Views from CEOs in Singapore are even stronger with 50% saying they ‘strongly agree’ that there will be reputational advantages and 41% seeing new product and service opportunities.

However, for these opportunities to turn into long term success stories, the principles of climate change need to be embedded right across a businesses’ supply chain and customer experience.

ENDS

Notes:

[1]It should be noted that the survey was conducted in September and October 2019, before the US-China trade war deal signed in January 2020.

Read PwC’s 23rd Annual Global CEO Survey – Singapore Report at www.pwc.com/sg/ceosurvey-2020

Download the global report at ceosurvey.pwc. Video footage from the launch of the Global CEO Survey in Davos and other media materials are available at: press.pwc.com

PwC conducted 1,581 interviews with CEOs in 83 countries, of which 32 were from Singapore, between September and October 2019.

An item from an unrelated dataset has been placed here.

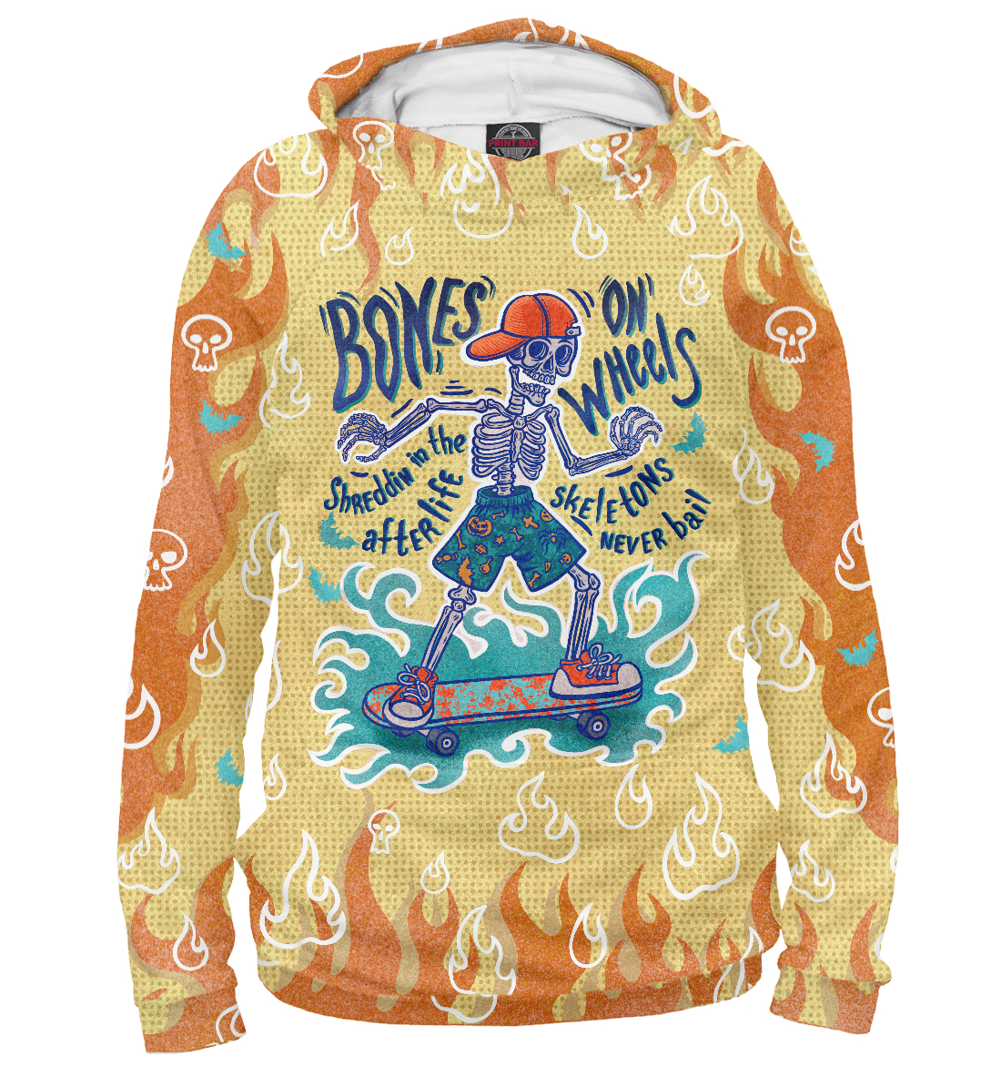Женское худи с принтом «Скелет на скейтборде желтый»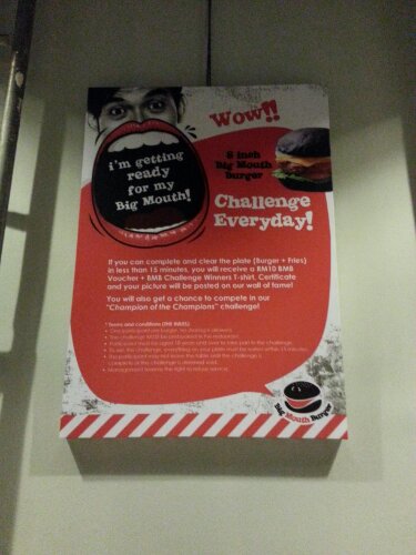 And I saw a poster asking for a BMB Challenge. Those who can finish up a set of burger plus fries within 15 minutes will win some prizes. Are you up for the challenge?

Our sample is weighted by national GDP to ensure that CEOs’ views are fairly represented across all major regions. 7% of the interviews were conducted by telephone, 88% online, and 5% by post or face-to-face. All quantitative interviews were conducted on a confidential basis.

46% of companies had revenues of $1 billion or more;35% of companies had revenues between $100 million and $1 billion; 15% of companies had revenues of up to $100 million; 55% of companies were privately owned.